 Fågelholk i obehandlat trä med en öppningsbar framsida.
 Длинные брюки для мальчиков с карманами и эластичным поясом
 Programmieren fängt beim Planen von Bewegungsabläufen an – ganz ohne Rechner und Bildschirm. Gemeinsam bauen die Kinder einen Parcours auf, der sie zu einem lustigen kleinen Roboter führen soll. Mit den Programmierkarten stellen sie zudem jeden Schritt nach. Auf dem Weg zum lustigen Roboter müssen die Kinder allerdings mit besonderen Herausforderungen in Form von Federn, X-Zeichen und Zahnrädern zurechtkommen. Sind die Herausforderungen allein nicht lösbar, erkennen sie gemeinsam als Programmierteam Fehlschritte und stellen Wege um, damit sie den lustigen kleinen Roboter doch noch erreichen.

==

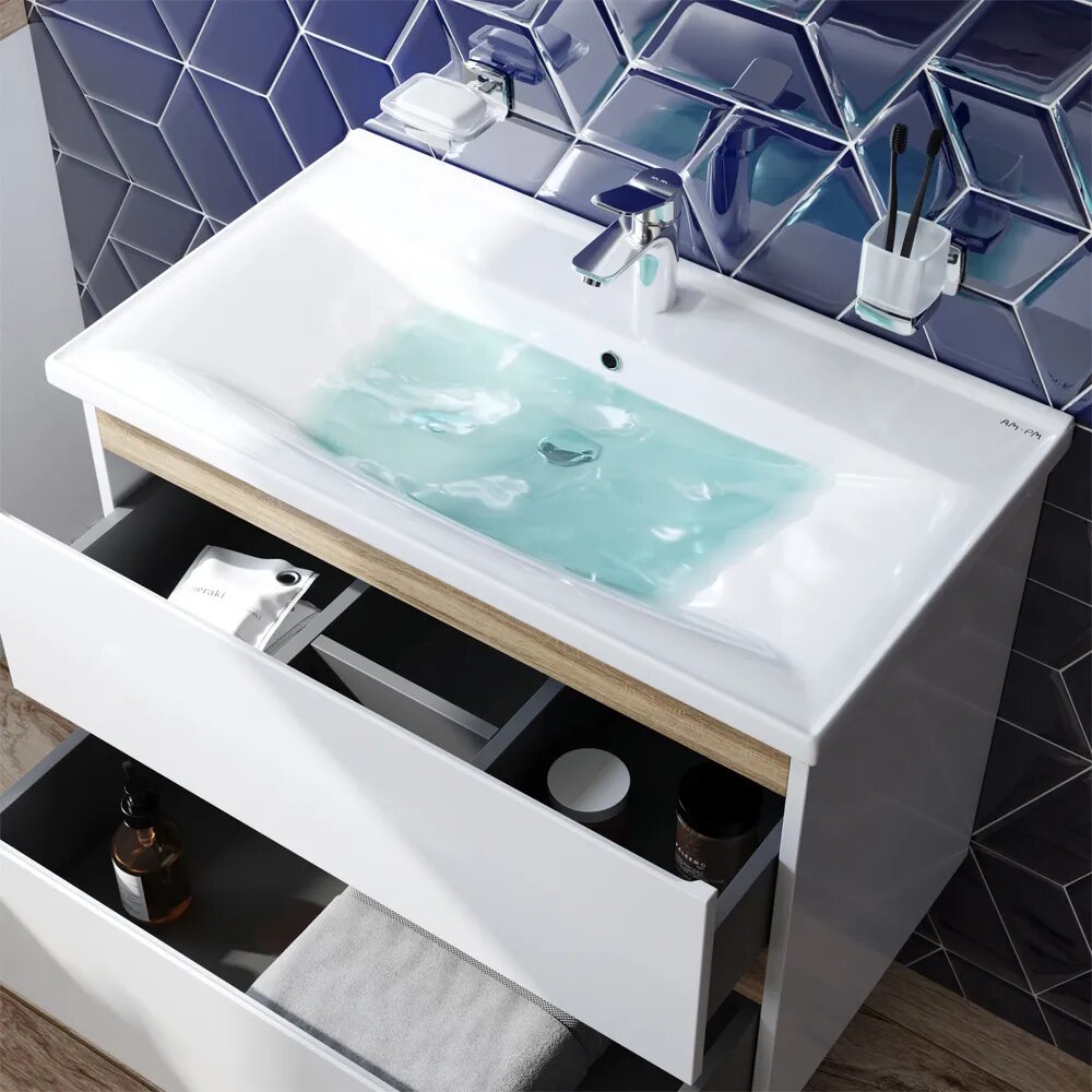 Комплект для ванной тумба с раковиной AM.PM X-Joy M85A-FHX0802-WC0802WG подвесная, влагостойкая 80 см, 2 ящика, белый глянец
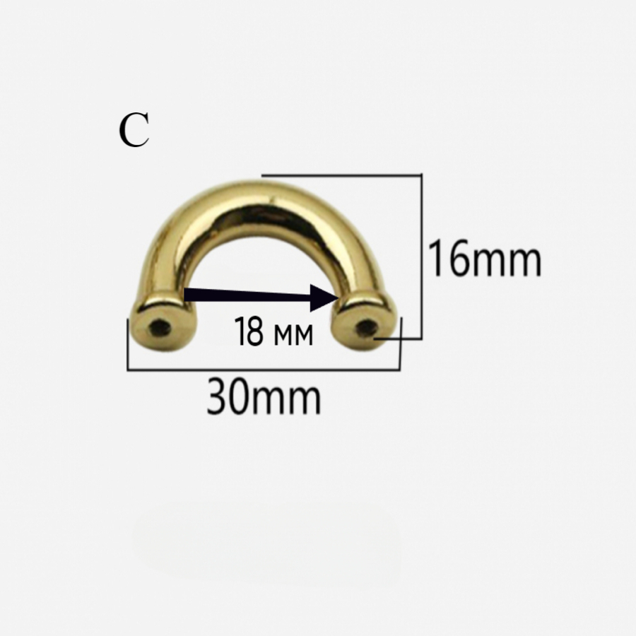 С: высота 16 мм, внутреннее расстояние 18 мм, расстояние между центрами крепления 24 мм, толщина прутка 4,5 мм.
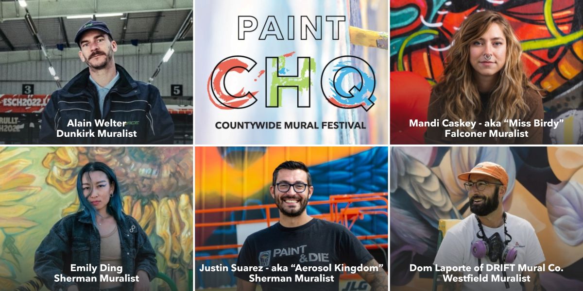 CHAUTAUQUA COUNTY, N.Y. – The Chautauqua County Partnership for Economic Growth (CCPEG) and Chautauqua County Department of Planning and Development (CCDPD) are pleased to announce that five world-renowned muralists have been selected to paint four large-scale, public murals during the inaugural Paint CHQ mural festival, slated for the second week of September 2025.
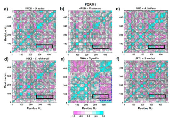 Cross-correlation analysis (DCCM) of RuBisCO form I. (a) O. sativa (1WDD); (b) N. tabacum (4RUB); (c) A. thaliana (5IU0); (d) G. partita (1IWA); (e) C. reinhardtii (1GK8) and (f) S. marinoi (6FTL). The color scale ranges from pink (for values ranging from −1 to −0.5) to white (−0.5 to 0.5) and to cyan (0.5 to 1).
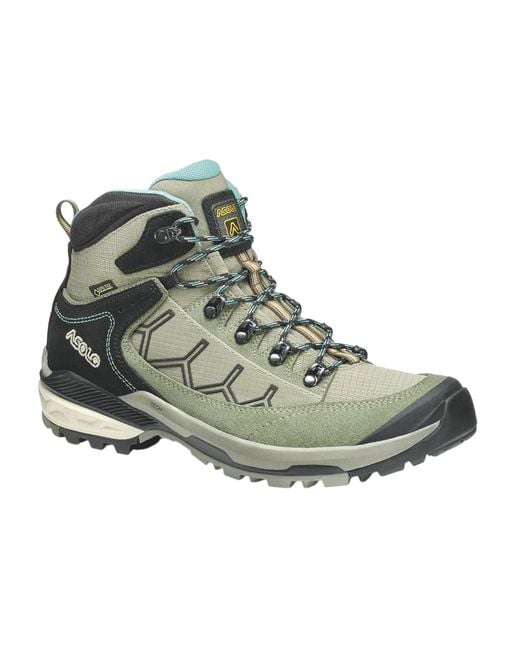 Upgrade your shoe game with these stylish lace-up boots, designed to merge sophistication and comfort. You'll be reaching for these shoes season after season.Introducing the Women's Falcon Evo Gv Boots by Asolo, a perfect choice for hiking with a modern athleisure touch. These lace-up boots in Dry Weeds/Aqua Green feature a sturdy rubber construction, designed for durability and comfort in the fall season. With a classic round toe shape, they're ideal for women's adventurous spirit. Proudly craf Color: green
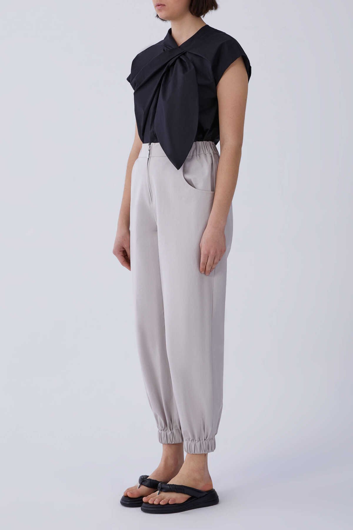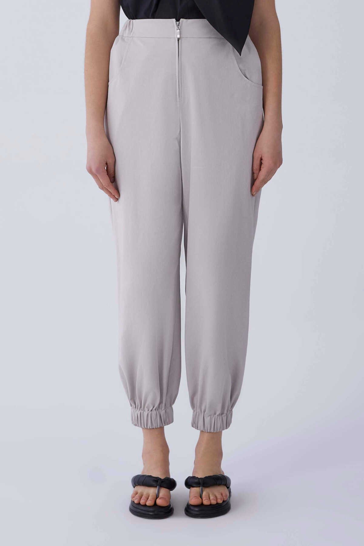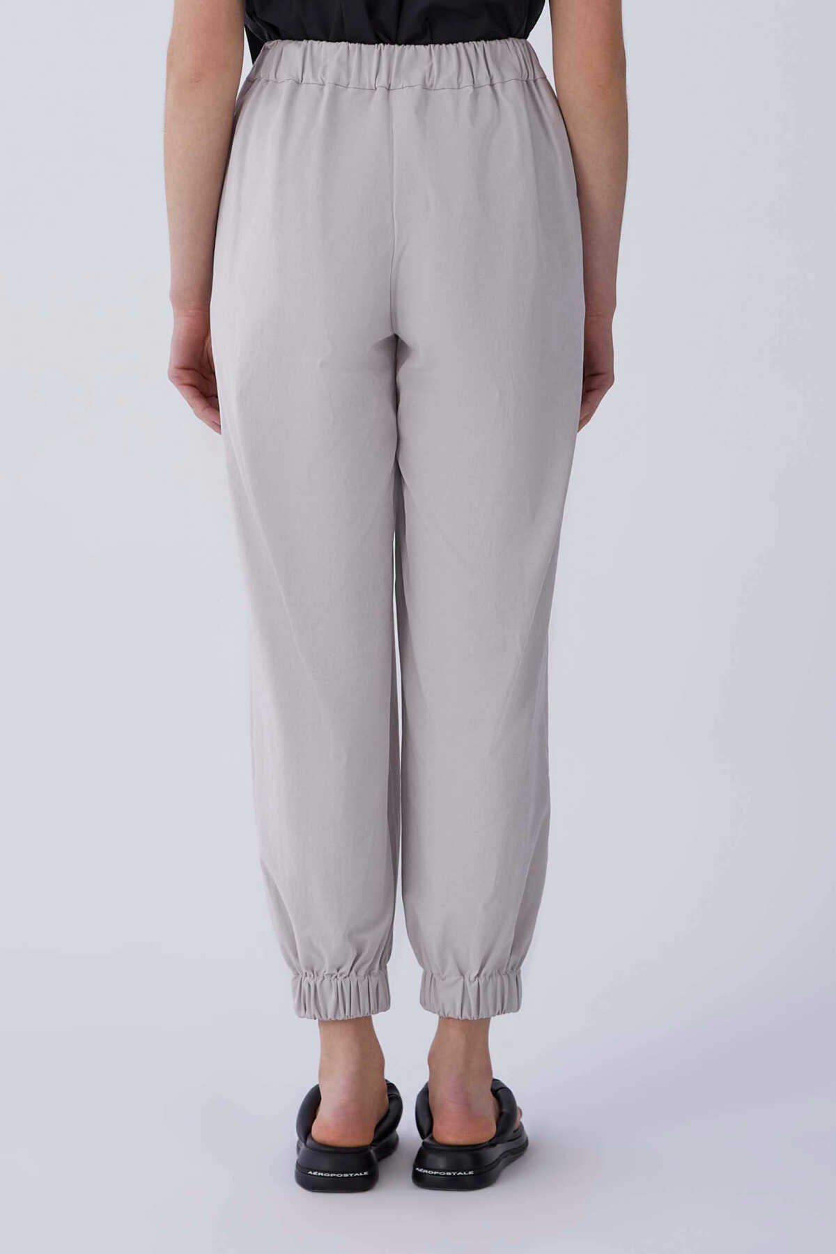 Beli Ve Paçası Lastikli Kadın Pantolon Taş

* * *

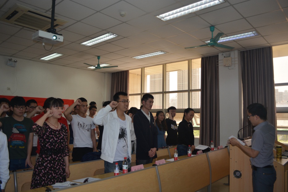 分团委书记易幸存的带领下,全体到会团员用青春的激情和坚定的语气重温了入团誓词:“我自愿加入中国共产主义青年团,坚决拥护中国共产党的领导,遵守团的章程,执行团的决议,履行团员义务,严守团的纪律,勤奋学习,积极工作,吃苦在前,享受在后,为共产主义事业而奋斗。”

__WHAT TO DO__:
Print only what lies in the material above starting at the line with "Длинные брюки для" and ending at the line with "Programmieren fängt beim", every line exactly as given.

__SOLUTION TO THIS EXERCISE__:
 Длинные брюки для мальчиков с карманами и эластичным поясом
 Programmieren fängt beim Planen von Bewegungsabläufen an – ganz ohne Rechner und Bildschirm. Gemeinsam bauen die Kinder einen Parcours auf, der sie zu einem lustigen kleinen Roboter führen soll. Mit den Programmierkarten stellen sie zudem jeden Schritt nach. Auf dem Weg zum lustigen Roboter müssen die Kinder allerdings mit besonderen Herausforderungen in Form von Federn, X-Zeichen und Zahnrädern zurechtkommen. Sind die Herausforderungen allein nicht lösbar, erkennen sie gemeinsam als Programmierteam Fehlschritte und stellen Wege um, damit sie den lustigen kleinen Roboter doch noch erreichen.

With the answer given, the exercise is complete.